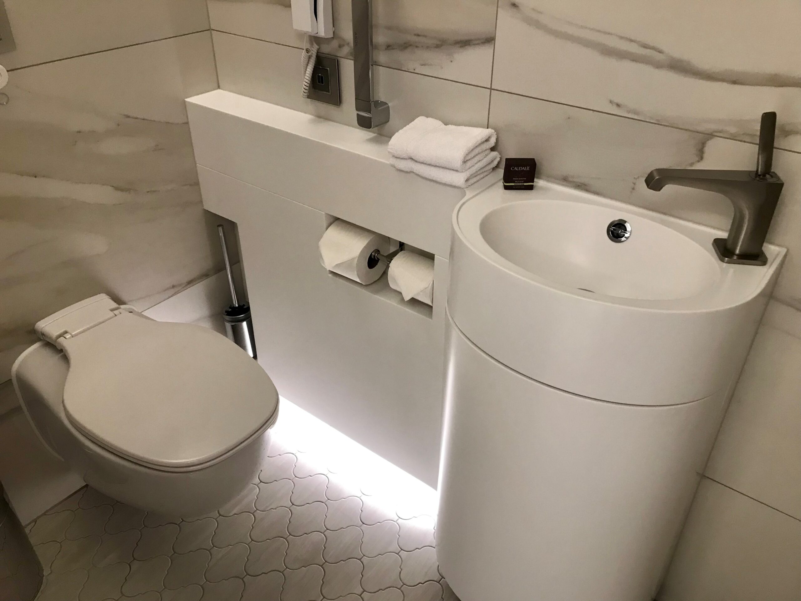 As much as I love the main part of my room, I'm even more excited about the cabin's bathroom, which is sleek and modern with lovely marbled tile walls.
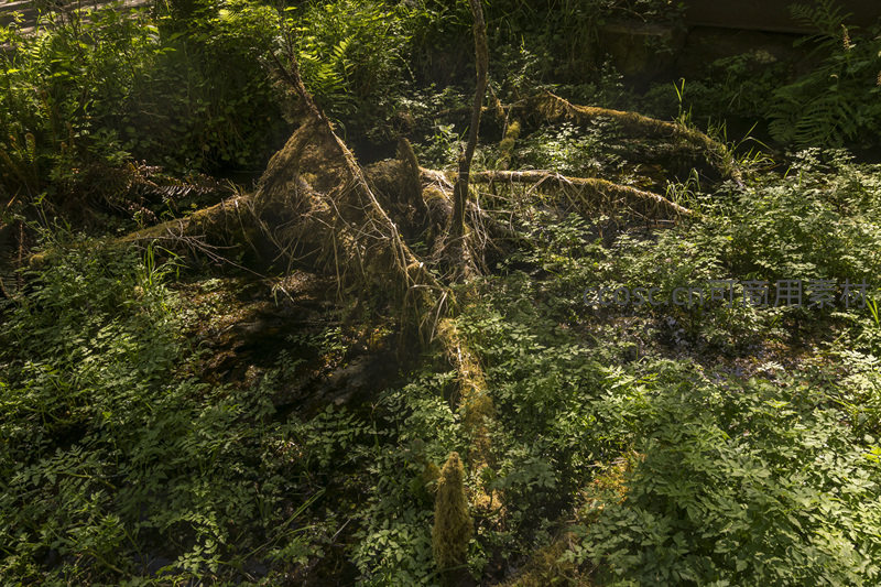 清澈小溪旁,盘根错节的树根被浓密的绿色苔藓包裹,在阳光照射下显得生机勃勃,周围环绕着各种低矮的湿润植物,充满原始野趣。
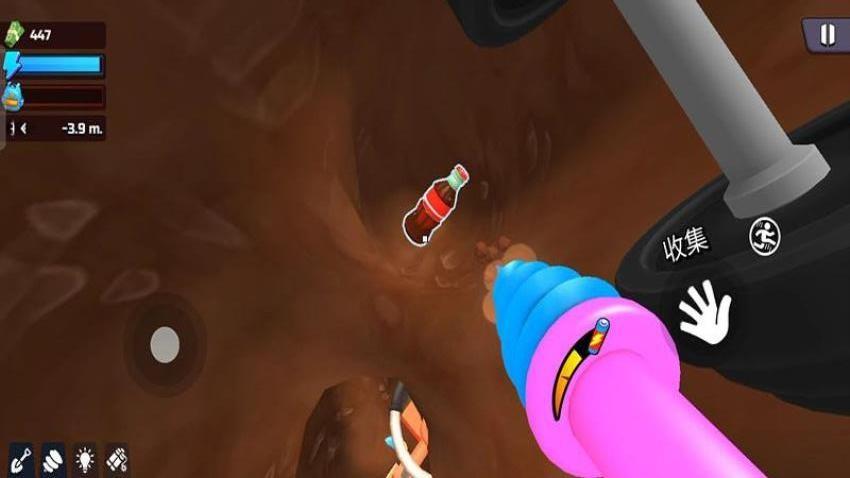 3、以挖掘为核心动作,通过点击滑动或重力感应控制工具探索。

What is needed: Return the listing above unchanged, apart from dropping its pictures.

Exercise answer:
 As much as I love the main part of my room, I'm even more excited about the cabin's bathroom, which is sleek and modern with lovely marbled tile walls.
 清澈小溪旁,盘根错节的树根被浓密的绿色苔藓包裹,在阳光照射下显得生机勃勃,周围环绕着各种低矮的湿润植物,充满原始野趣。
 3、以挖掘为核心动作,通过点击滑动或重力感应控制工具探索。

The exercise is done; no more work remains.